About this exercise -
All lines from the one containing "VS5 通風豎井支撐架設" down to the one containing "工程子午胎 6#硫化排放口 DA042FQ19", both ends included, are to be given again exactly; omit the rest of the listing below.

§

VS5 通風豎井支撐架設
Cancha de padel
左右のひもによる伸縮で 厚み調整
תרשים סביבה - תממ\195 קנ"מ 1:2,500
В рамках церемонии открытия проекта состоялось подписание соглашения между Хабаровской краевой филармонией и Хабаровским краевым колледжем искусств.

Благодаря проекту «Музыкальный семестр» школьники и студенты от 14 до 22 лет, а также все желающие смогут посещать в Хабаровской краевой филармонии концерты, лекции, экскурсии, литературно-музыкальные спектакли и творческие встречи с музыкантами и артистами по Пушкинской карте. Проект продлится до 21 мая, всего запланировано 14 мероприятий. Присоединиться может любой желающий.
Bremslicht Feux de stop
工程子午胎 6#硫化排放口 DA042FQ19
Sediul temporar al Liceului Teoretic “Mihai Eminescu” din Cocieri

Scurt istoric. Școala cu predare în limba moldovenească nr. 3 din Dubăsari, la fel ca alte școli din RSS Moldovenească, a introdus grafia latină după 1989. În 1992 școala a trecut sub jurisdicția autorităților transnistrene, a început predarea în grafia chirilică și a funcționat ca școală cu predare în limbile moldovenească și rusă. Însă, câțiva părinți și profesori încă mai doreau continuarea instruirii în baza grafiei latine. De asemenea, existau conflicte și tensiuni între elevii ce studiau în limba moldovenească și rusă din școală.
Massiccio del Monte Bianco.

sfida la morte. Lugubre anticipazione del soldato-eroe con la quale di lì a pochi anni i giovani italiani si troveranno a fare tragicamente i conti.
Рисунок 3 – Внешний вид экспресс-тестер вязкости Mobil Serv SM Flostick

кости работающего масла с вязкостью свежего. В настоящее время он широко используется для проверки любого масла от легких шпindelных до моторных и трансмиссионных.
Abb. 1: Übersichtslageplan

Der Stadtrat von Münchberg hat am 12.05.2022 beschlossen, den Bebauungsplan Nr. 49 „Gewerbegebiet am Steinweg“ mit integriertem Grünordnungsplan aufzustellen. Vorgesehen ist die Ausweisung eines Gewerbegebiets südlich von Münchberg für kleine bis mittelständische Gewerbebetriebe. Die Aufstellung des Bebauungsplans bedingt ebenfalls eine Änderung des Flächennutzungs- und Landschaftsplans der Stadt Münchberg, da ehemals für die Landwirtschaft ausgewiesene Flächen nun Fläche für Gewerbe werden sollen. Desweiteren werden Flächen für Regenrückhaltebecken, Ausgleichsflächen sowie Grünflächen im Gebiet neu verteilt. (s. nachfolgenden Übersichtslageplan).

§

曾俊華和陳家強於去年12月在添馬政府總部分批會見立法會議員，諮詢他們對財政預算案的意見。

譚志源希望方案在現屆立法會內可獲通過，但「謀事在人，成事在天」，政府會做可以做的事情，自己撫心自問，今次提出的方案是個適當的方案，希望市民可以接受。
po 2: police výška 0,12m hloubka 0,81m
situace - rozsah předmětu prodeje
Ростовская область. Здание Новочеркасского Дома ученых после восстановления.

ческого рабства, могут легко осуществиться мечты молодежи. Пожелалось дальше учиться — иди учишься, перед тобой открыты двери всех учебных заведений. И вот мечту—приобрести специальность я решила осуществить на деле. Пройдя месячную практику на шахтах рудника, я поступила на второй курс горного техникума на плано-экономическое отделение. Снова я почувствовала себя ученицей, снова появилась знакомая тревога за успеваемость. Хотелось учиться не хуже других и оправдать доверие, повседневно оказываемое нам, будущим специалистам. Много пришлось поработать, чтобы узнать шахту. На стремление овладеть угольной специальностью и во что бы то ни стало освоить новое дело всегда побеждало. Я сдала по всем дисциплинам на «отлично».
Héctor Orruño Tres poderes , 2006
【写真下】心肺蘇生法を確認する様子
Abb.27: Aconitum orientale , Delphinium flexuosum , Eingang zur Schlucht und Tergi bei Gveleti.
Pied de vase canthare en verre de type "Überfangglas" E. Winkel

§

Output for this exercise -
VS5 通風豎井支撐架設
Cancha de padel
左右のひもによる伸縮で 厚み調整
תרשים סביבה - תממ\195 קנ"מ 1:2,500
В рамках церемонии открытия проекта состоялось подписание соглашения между Хабаровской краевой филармонией и Хабаровским краевым колледжем искусств.

Благодаря проекту «Музыкальный семестр» школьники и студенты от 14 до 22 лет, а также все желающие смогут посещать в Хабаровской краевой филармонии концерты, лекции, экскурсии, литературно-музыкальные спектакли и творческие встречи с музыкантами и артистами по Пушкинской карте. Проект продлится до 21 мая, всего запланировано 14 мероприятий. Присоединиться может любой желающий.
Bremslicht Feux de stop
工程子午胎 6#硫化排放口 DA042FQ19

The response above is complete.